Y en ese Otsagi estaban “Jon” y “Olaia”, a quienes la Guardia Civil se identifica plenamente con Juan Antonio Olarra Guridi y Ainhoa ​​​​Múgica Goñi, quienes encargaron de “la dirección de los comandos armados” desde que en febrero de 2001 cayó Txapote y hasta septiembre de 2002, cuando fueron detenidos por la policía gala. De hecho, esa misma cantada les situas como “principales responsables” de “los comandos de acción de ETA y de las estructuras dependientes del aparato militar de la misma, entre las cuales se hallaba el comando Argala”, autor del atentado en Santa Pola.

La planificación de los comandos de ETA

Es relevante en este sentido uno de los sellos de Francia entregados a las autoridades españolas y que arroja “une planning de los comandos de acción de ETA, enlaces, incorporaciones de miembros en los mismos, acciones y campañas previstas, envíos de material y dinero necesario para la actividad terrorista”. Su redacción se atribuye a Juan Antonio Olarra y para la Guardia Civil, “demuestra el control indiscutible que ejercía sobre los comandos de acción y todo lo concerniente a los mismos”. En la lista de comandos con los que debemos contactar figura el Argala.

“Juan Antonio Olarra diseñó, planificó y ordenó a los comandos de ETA las acciones terroristas que podrían realizar, eligiendo los objetivos. En este documento destaca como objetivo prioritario una estrategia que atentase prioritariamente contra la Guardia Civil y el CNP. El atentado contra la Casa Cuartel de Santa Pola (Alicante) formaría parte de esa estrategia ordenada por sus responsables”, resume el informa.

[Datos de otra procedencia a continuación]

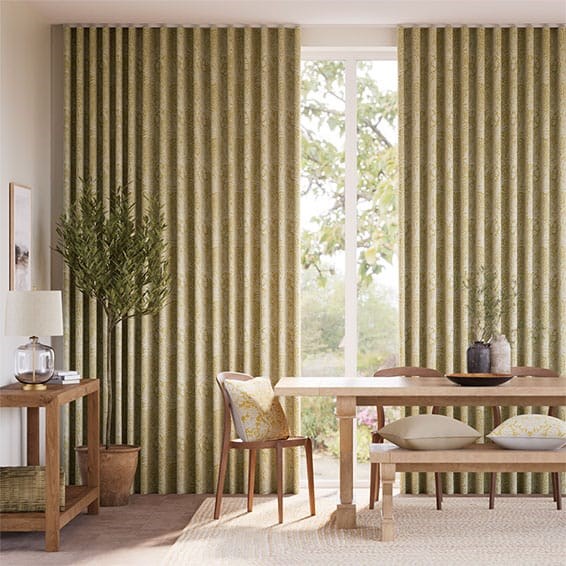 Questa bellissima fantasia usata nella nostra tenda classica su misura Mimosa porta il sole in casa vostra tutto l'anno, fa parte di uno dei design di William Morris ed è all'interno della nostra collezione in collaborazione con il Victoria and Albert Museum di Londra. Disegnato nel 1875, e originariamente chiamato Marigold, la fantasia è un insieme di foglie varie dimensioni che danno un senso di movimento il tutto bilanciato da una palette dai colori tenui.
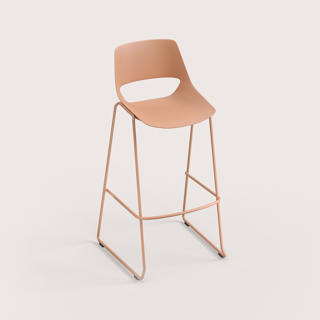scoop bar takes seating to the next level – ideal for catering, central areas and agile office spaces. The elegant bar stool from the smart scoop chair family encourages conversation and enjoyment at standing tables and counters. At the same time, the lightweight model is robust and stable: the slender four-legged and sled-base frames are made from sturdy round-section steel tube. They can be combined with seat shells made of high-quality polypropylene or sustainable recycled plastic that boast superior hygiene properties. The characteristic back cut-out makes handling easier and gives the scoop bar a slender appearance – even in the upholstered version – in eight exclusive colours from the new Brunner colour range.
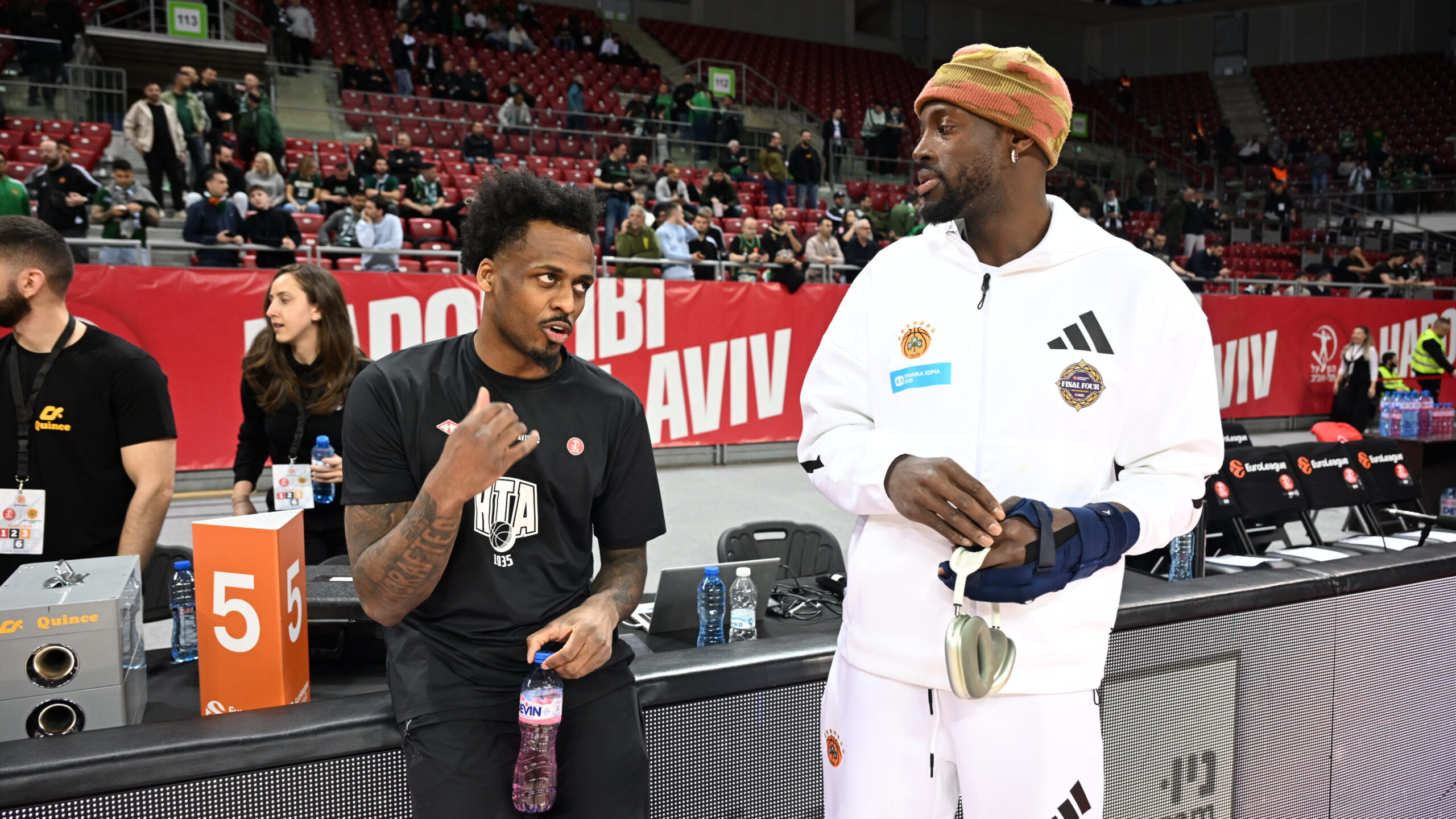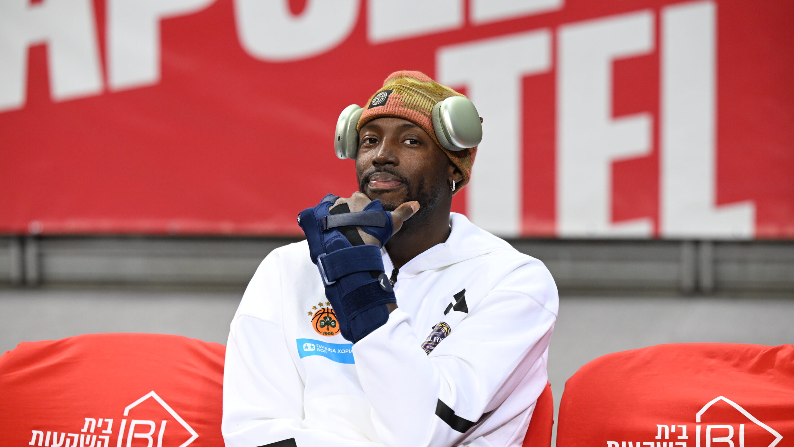 Ο Τζέριαν Γκραντ εμφανίστηκε με νάρθηκα στο χέρι για να παρακολουθήσει την αναμέτρηση του Παναθηναϊκού Aktor με τη Χάποελ Τελ Αβίβ.
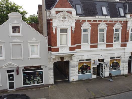 Dieses Gebäudeensemble umfasst ein Wohn- und Geschäftshaus mit zwei Wohneinheiten, einer Gewerbeeinheit, Balkonen und einem Kellergeschoss. Es ist zweigeschossig mit einem ausgebauten Dachgeschoss un...

De Múgica figura cuartillas “con anotaciones muy similares” aunque en su caso hay un indicio más. Los condenados del comando Argala tenían un número de móvil apuntado en la documentación que se intervino a detención, el mismo que según las investigaciones de las autoridades francesas habría adquirido la propia Olaia en julio de 2002. Ella también tenía información sobre diversos objetivos.

El teléfono de Olaia

“Es decir, unos días previos al intento realizado contra la Casa-Cuartel de Santa Pola (Alicante), los miembros del comando Argala de ETA habían realizado des informaciones sobrias posibles objectivos en Torrevieja (Alicante) y se hallaban en comunicación con sus responsables en Francia (encargados de coordinar y dirigir su actividad terrorista) a través del número de móvil que fue adquirido en Francia por Ainhoa ​​​​Múgica”, concreta el Instituto Armado teléfono.

El informa, que pormenoriza toda la estructura de ETA a partir del análisis de la documentación recogida a lo largo de la lucha antiterrorista durante las décadas, recuerda que el aparato militar era sólo una de las cabezas del comité ejecutivo de la banda terrorista, en el que ambos estaban integrados. En aquella época, tenían mando junto a ellos Mikel Albisu (“Mikel Antza”), Soledad Iparraguirre (“Anboto”), Félix Esparza (“Ana”) y Ramón Sagarzazu (“Txango”), que ocupaban la Zuba y tenían distintas ramas de la banda terrorista bajo su cargo.

“Los miembros de la Zuba serán plenamente conscientes de la posición de ordenar que no estén en la organización terrorista y de su capacidad para actuar, decidir, ordenar la comisión de acciones terroristas concretas, o evitar las mismas. Por ello, eran plenamente conocedores de la intención de ‘volar’ el Cuartel de la Guardia Civil de Santa Pola, ya no solo por haber seguramente decidido, planificado y ordenado la acción, sino porque además se responsabilizó de su materialización a través de un medio de comunicación social poco después llegaron a cabo, y de la elaboración de la comunicación que justifica la acción terrorista, y seremos plenamente conscientes de que hemos sabido llegar a los medios para hacer cesar esa situación y su posible resultado final, la muerte de inocente personas”, concluye la Guardia Civil.

Todos están imputados por estos hechos en el Juzgado Central de Instrucción número 6 y prestan declaración este lunes por videoconferencia ya sea desde prisión, como en el caso de Anboto, ya sea desde otros juzgados. Dignidad y Justicia pedirá prisión para Sagarzazu y Antza, los únicos que se encuentran en libertad, según fuentes de esta acusación popular, pues un informe pericial de parte les indica que concurre un riesgo real de fuga.